Plot the latent variables for query + reference corresponding to the constrained and unconstrained extension nodes.

[42]:

terms = kang_pbmc.uns['terms']
select_terms = ['constrained_0', 'unconstrained_0', 'unconstrained_1', 'unconstrained_2']
idx = [terms.index(term) for term in select_terms]

[43]:

latents = (q_intr_cvae.get_latent(kang_pbmc.X, kang_pbmc.obs['study'], mean=False) * kang_pbmc.uns['directions'])[:, idx]

[44]:

kang_pbmc.obs['constrained_0'] = latents[:, 0]

kang_pbmc.obs['unconstrained_0'] = latents[:, 1]
kang_pbmc.obs['unconstrained_1'] = latents[:, 2]
kang_pbmc.obs['unconstrained_2'] = latents[:, 3]

[45]:

sc.pl.scatter(kang_pbmc, x='unconstrained_2', y='constrained_0', color='condition_joint', size=10)

_images/expimap_surgery_pipeline_advanced_74_0.png

Note that the signal associated with the program learned by unconstrained_2 was enriched in stimulated condition compared to control. Here, the cells are separated by their latent scores for unconstrained_2, which suggests that this node is indeed capturing the variation induced by IFN-beta stimulation.

[46]:

sc.pl.scatter(kang_pbmc, x='unconstrained_2', y='constrained_0', color='cell_type', size=10)

_images/expimap_surgery_pipeline_advanced_76_0.png

[47]:

sc.pl.scatter(kang_pbmc, x='unconstrained_1', y='unconstrained_0', color='cell_type', size=10)

_images/expimap_surgery_pipeline_advanced_77_0.png

Recall that unconstrained_1 was differentially enriched in CD14+ Monocytes. Therefore, this node is capturing the CD14+ Monocyte cell type variation.

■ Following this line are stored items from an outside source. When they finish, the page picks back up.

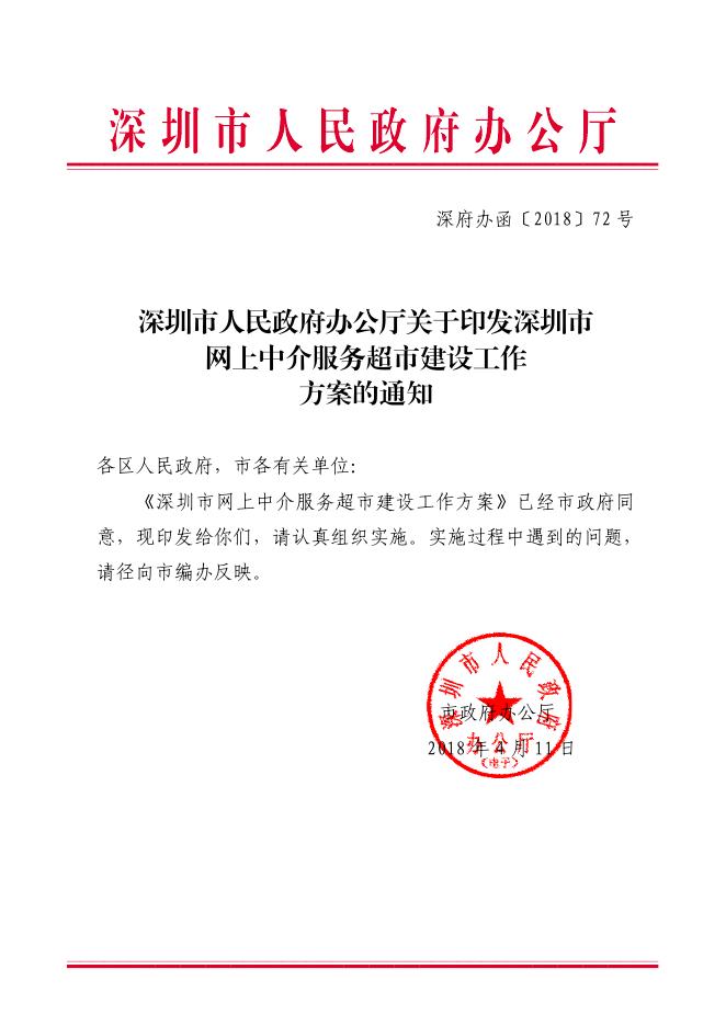 深圳市人民政府办公厅关于印发深圳市网上中介服务超市建设工作方案的通知.pdf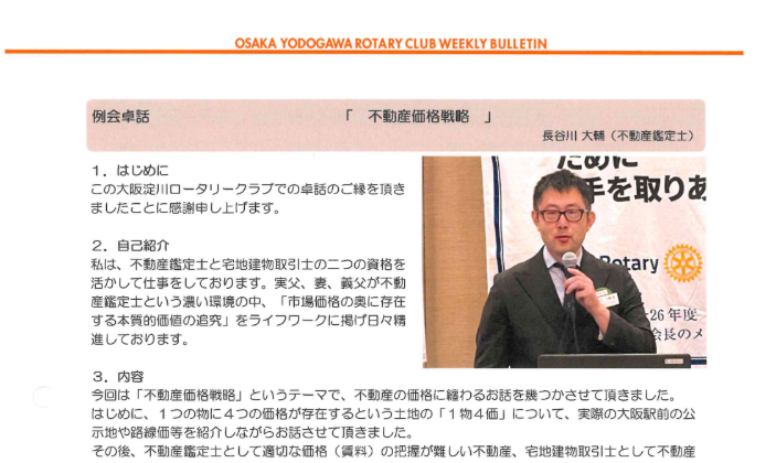 大阪淀川ロータリークラブ例会卓話にて不動産価格戦略」についてお話させていただき、会報にも掲載いただきました。その様子をこちらにもUPしたいと思います。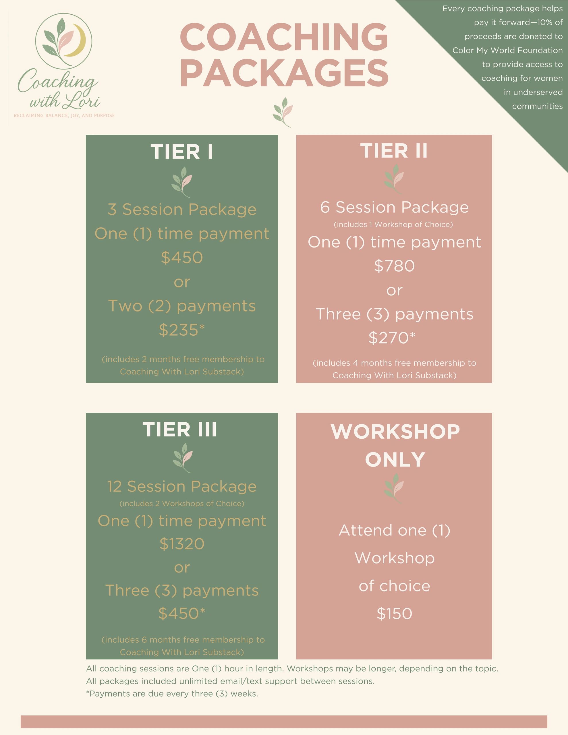 To help you experience the power of coaching, Lori offers a complimentary one hour sample session. In this one-on-one conversation, you can share what is on your heart, gain clarity around goals, and explore how coaching can support your journey. It is a safe, no-pressure space to see if this path is right for you.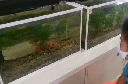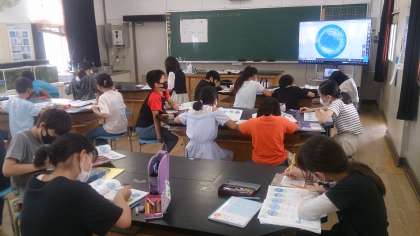メダカの卵がどのように育っていくか学習しました。実際のメダカの卵や映像を見ながら記録しています。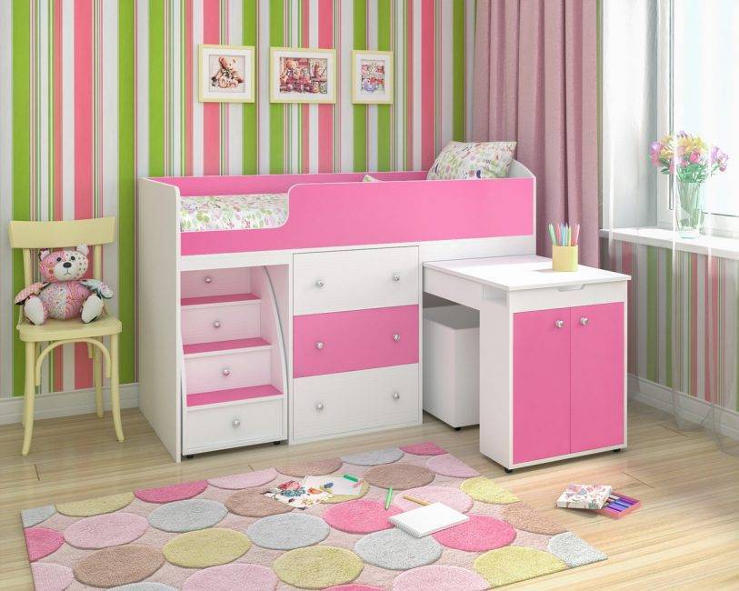 А вот тоже нежный вариант кровати-тумбы с рабочим столом для девочек.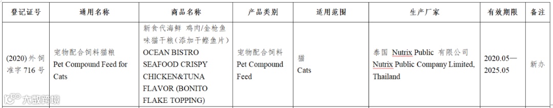 11、泰国 Nutrix Public 有限公司生产的宠物配合饲料猫粮——新食代海鲜鸡肉/金枪鱼味猫干粮(添加干鸡小胸肉块),新食代海鲜鸡肉/金枪鱼味猫干粮(添加干小虾),新食代海鲜鸡肉/金枪鱼味猫干粮(添加干鲣鱼片)。

Get genes from extension nodes sorted by their absolute weights in the decoder. Higher absolute value of the weight means that this gene is affected more by the gene program.

[48]:

q_intr_cvae.term_genes('constrained_0', terms=kang_pbmc.uns['terms'])

[48]:

	genes	weights	in_mask
0	CD79A	-1.686799	True
1	BLK	-1.411135	True
2	CD19	-1.384097	True
3	BLNK	-1.166159	True
4	CD79B	-1.164143	True
...	...	...	...
66	STIM1	-0.000940	True
67	CERS4	-0.000227	False
68	HLA-DPB1	-0.000045	False
69	HLA-A	0.000036	False
70	KCNG1	-0.000012	False

71 rows × 3 columns

[51]:

q_intr_cvae.term_genes('unconstrained_1', terms=kang_pbmc.uns['terms'])

[51]:

	genes	weights	in_mask
0	RGS2	3.689368e-01	False
1	CCL2	-3.177418e-01	False
2	TIMP1	-3.089722e-01	False
3	PLA2G7	-2.966527e-01	False
4	GMPR	-2.102084e-01	False
...	...	...	...
486	PNPLA8	1.008977e-05	False
487	HS2ST1	8.462230e-06	False
488	SLC25A13	-7.957511e-06	False
489	SLC4A2	-3.113702e-06	False
490	EBF1	3.527966e-07	False

491 rows × 3 columns

[50]:

q_intr_cvae.term_genes('unconstrained_2', terms=kang_pbmc.uns['terms'])

[50]:

	genes	weights	in_mask
0	IFIT3	-0.341521	False
1	IFIT1	-0.338443	False
2	IFIT2	-0.335060	False
3	CXCL10	-0.334820	False
4	ISG15	-0.332265	False
...	...	...	...
391	ZNF235	-0.000018	False
392	ILK	-0.000017	False
393	RGS2	0.000017	False
394	SLC44A1	0.000006	False
395	FURIN	0.000003	False

396 rows × 3 columns

Note that unconstrained_2 was capturing the variation induced by IFN-beta stimulation. Here, the genes from the Interferon Induced Protein gene family have the largest absolute weights in the program captured by this unconstrained node, certifying that the learned program is indeed capturing variations in gene expression due to activity of the inteferon signalling, which was induced by IFN-beta stimulation.